Question: How do you integrate \[z{\left( {\ln z} \right)^2}dz\] ?...

Question

How do you integrate $z{\left( {\ln z} \right)^2}dz$ ?

Answer 1

Solution

Hint : In order to solve this problem, we need to use integration by parts method. So, we will definitely use a method of substitution. We will first put the value of u as ${\left( {\ln z} \right)^2}$ and then we will proceed. Again, we need to use integration by parts so we will substitute u as $\ln z$ . So, let’s begin.
Formulas used:
$\int {{x^n}dx} = \dfrac{{{x^{n + 1}}}}{{n + 1}} + C$
$\dfrac{d}{{dx}}\ln x = \dfrac{1}{x}$
$\int {udv} = uv - \int {vdu}$

Complete step-by-step answer :
Given that,
integrate $z{\left( {\ln z} \right)^2}dz$
this can be written as
$\int {z{{\left( {\ln z} \right)}^2}dz}$
Now there are two functions in the integration. So we will use integration by parts(IBP) here.
$\int {udv} = uv - \int {vdu}$
Put $u = {\left( {\ln z} \right)^2}$
Then differentiating, $du = 2\left( {\ln z} \right)\dfrac{1}{z}dz$
$dv = zdz$
Taking the integral on both sides,
$v = \dfrac{{{z^2}}}{2}$
Now putting these values in the integral above we get,
$\int {z{{\left( {\ln z} \right)}^2}dz} = {\left( {\ln z} \right)^2}\dfrac{{{z^2}}}{2} - \int {\dfrac{{{z^2}}}{2}} \times 2\left( {\ln z} \right)\dfrac{1}{z}dz$
Cancelling z and 2 from the second integral,
$= {\left( {\ln z} \right)^2}\dfrac{{{z^2}}}{2} - \int z \left( {\ln z} \right)dz$
Now again we have two functions in the second integral so we will use IBP again but this time the substitution will be different.
Put $u = \ln z$
Taking the differentiation, we get $du = \dfrac{1}{z}dz$
$dv = zdz$
Taking the integration, we get $v = \dfrac{{{z^2}}}{2}$
Now putting these values in the integration above we get,
$= {\left( {\ln z} \right)^2}\dfrac{{{z^2}}}{2} - \left[ {\ln z.\dfrac{{{z^2}}}{2} - \int {\dfrac{{{z^2}}}{2} \times \dfrac{1}{z}} dz} \right]$
Again, cancelling z from the second integral,
$= {\left( {\ln z} \right)^2}\dfrac{{{z^2}}}{2} - \left[ {\ln z.\dfrac{{{z^2}}}{2} - \dfrac{1}{2}\int z dz} \right]$
Now taking the simple integral using the formula number 1 mentioned above in the list we get,
$= {\left( {\ln z} \right)^2}\dfrac{{{z^2}}}{2} - \left[ {\ln z.\dfrac{{{z^2}}}{2} - \dfrac{1}{2}\dfrac{{{z^2}}}{2}} \right] + c$
Multiplying the bracket terms by minus sign we get,
$= {\left( {\ln z} \right)^2}\dfrac{{{z^2}}}{2} - \ln z.\dfrac{{{z^2}}}{2} + \dfrac{1}{2}\dfrac{{{z^2}}}{2} + c$
Taking the term $\dfrac{{{z^2}}}{2}$ common we can write the simplified answer as,
$= \dfrac{{{z^2}}}{2}\left[ {{{\left( {\ln z} \right)}^2} - \ln z. + \dfrac{1}{2}} \right] + c$
This is the correct integral of the given problem.
So, the correct answer is “ $\dfrac{{{z^2}}}{2}\left[ {{{\left( {\ln z} \right)}^2} - \ln z. + \dfrac{1}{2}} \right] + c$ ”.

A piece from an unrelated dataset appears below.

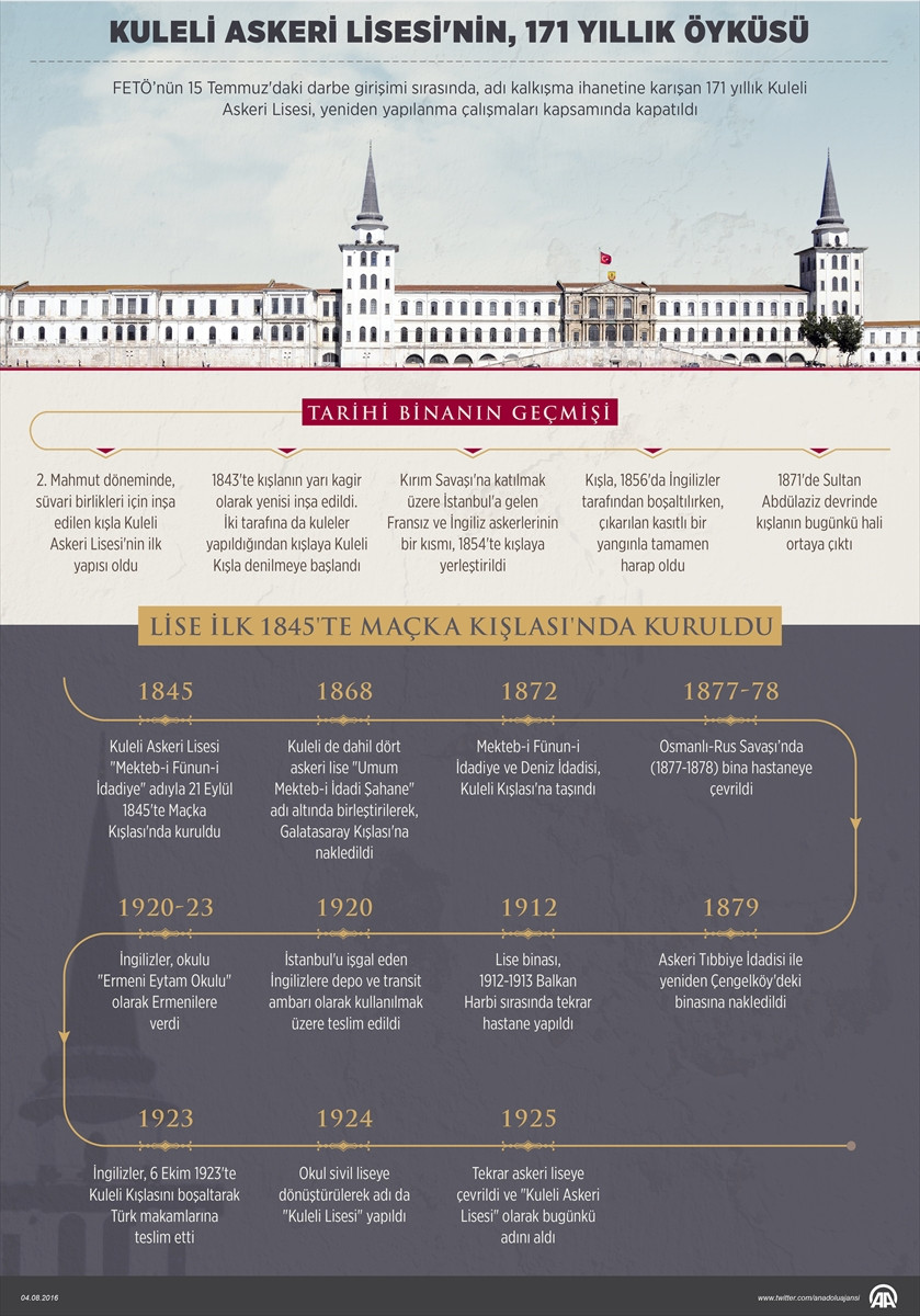 İSTANBUL (AA) - HANİFE SEVİNÇ - Fetullahçı Terör Örgütü'nün (FETÖ) 15 Temmuz'daki darbe girişimi sırasında, adı kalkışma ihanetine karışan 171 yıllık Kuleli Askeri Lisesi, yeniden yapılanma çalışmaları kapsamında kapatıldı.Resmi Gazete'de yayımlanan 669 sayılı Olağanüstü Hal Kapsamında Bazı Tedbirler Alınması ve Milli Savunma Üniversitesi Kurulması ile Bazı Kanunlarda...
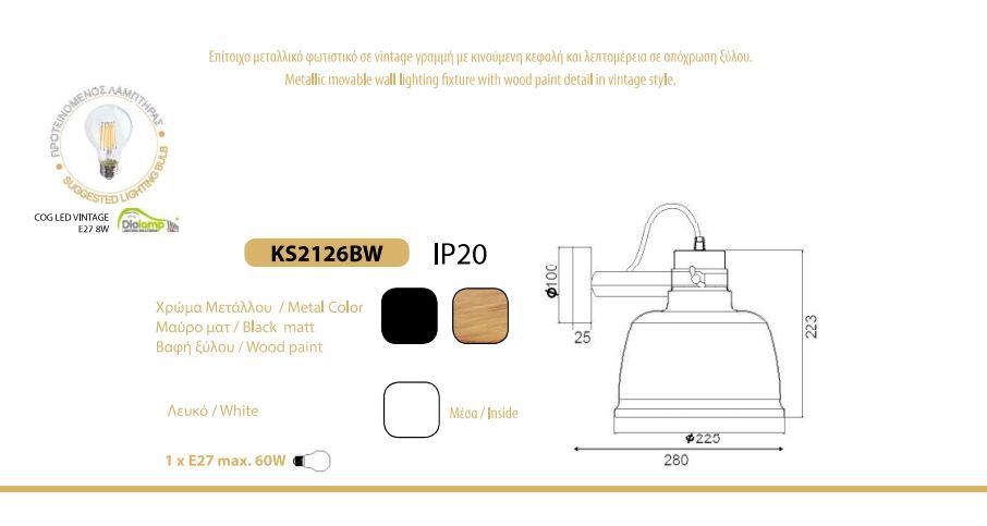 Απλίκα Μεταλλική 1ΧE27 Μαύρη & Απόχρωση Ξύλου ACA – KS2126BW

Note : Here we observe that there are two functions given in the integral. So definitely we are going to use integration by parts here. The thing that is to be noted is that logarithmic function is raised to a power so when we take integral, we need to take the integral of power and then the function. So don’t forget. Also note that IBP is to be taken one more time because again we observe two functions in one integral.